The Conservatives revealed their intention to lower the benefit cap from £26,000 a year to £23,000 in the Queen’s speech.

Speaking in response to the government’s promise, Harriet Harman said she was “sympathetic’ to the idea of lowering the benefit cap by £3,000.

Labour supported the previous Tory-led coalition government’s policy to introduce a cap on benefit entitlement, but voiced concerns about lowering the cap.

Today’s apparent U-turn will add to the anger and despair felt by low-income families subjected to extortionate rents, many of whom looked to Labour in the general election to challenge the Tory austerity agenda.

Harriet Harman told members of parliament: “We support a cap on household benefit entitlement. The Government are now planning to reduce it.

“We are sympathetic to that, but it makes it even more important that the jobs are there for people to move into.

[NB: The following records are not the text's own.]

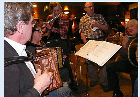
2013 – musiceren in ‘de Haven van Putten’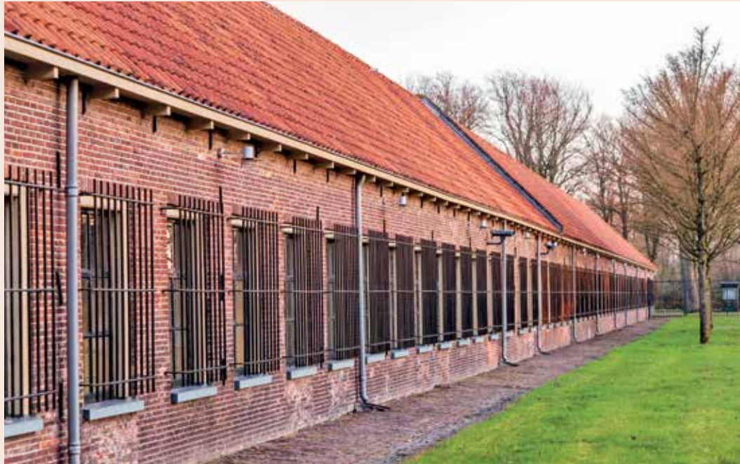
Veenhuizen Gevangenis museumgebouw

Noordenveld heeft met Veenhuizen Unesco Werelderfgoed binnen de grenzen. Veenhuizen is 1 van de 4 Koloniën van Weldadigheid, die in 1818-1825 ontstonden als integrale oplossing voor armoedebestrijding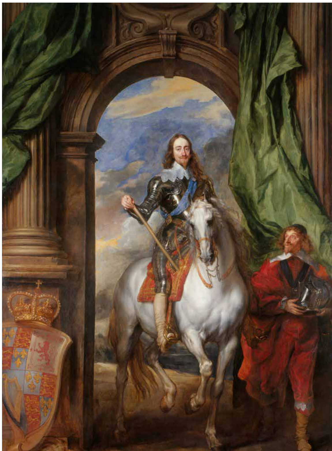
El Rey Carlos I de Inglaterra

Los miembros del Parlamento inglés comenzaron a elevar su tono contra el Rey Carlos I. A gritos le discutían temas de economía, de religión, sobre la forma adecuada de distribuir el poder político. No querían a un Carlos I voluntarioso y de corte absolutista -como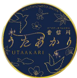
オリジナルヘッドマーク

・通常山陰線を運転する観光列車「〇〇のはなし」車両を、特別に山陽線～美祿線～仙崎線にて貸切運行します。また、列車にはうたあかりイベントをモチーフにしたオリジナルヘッドマークを掲出します。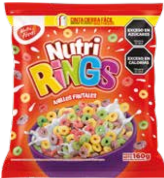
441 Anillos Frutales 20u x 160g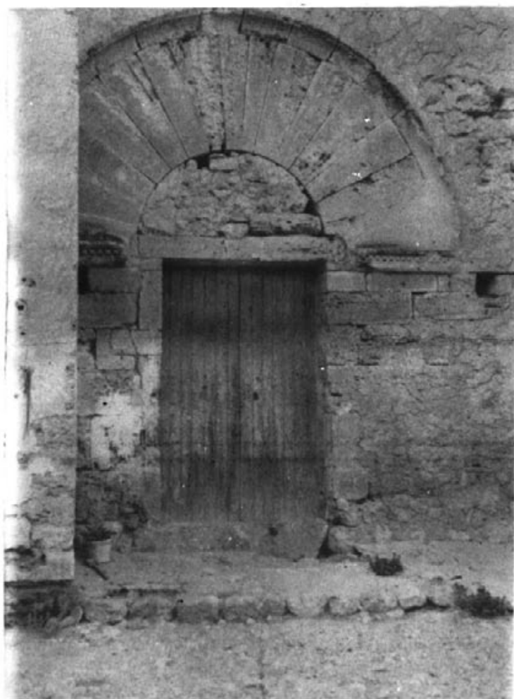
Portal principal de l'església de Bellpuig, amb arc de mig punt damunt capitell, imposta de motlura cistercenca.

sió de Bellpuig. La part que formava el presbiteri és avui l'estable i on hi havia l'altar hi ha la menjadora de les bèsties.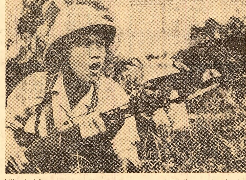
Militari ai forțelor armate ale R. D. Vietnam, paznici vigilenți ai frontierelor țării, în timpul unui exercițiu de luptă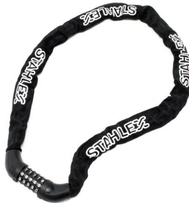
Illustration similaire, peut varier selon le modèle

Veuillez lire et respecter le mode d'emploi et les consignes de sécurité avant la mise en service.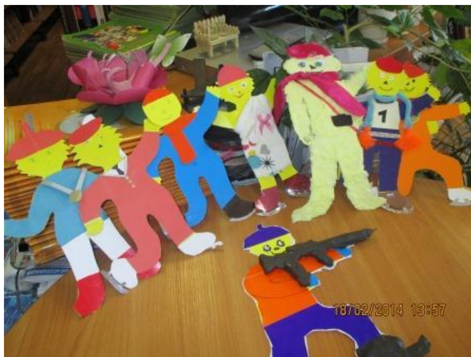
Олимпийская команда «Мурзилки».

The childcare is there, particularly for lone parents and there are adequate funds for discretionary housing payments.

She urged the government “to ensure that this doesn’t put children into poverty, increase homelessness or end up costing more than it saves.”

Labour’s manifesto included a pledge to establish an independent commission to consider the possibility of localised benefit caps.

The Children’s Society has described the benefit cap as a “blunt instrument”, which has resulted in “children having to leave their schools and friends and breaking vital support networks”.

Imran Hussain, Head of Policy at the Child Poverty Action Group (CPAG), said: “The benefit cap has pushed more children into poverty, breached international law and has done little to make work a more viable option for the families hit by it, with very few moving into work or to a new home.

“On the Government’s own terms, it has failed, producing negligible, if any, savings.

“Most of the parents affected are single mums or dads with children so young that even the Government thinks they should not have to work.

“Ministers have yet to make a case for a policy that the DWP’s own impact assessment reveals is nine times more likely to hit children than adults.

“A lower cap would undermine, not strengthen, family security.”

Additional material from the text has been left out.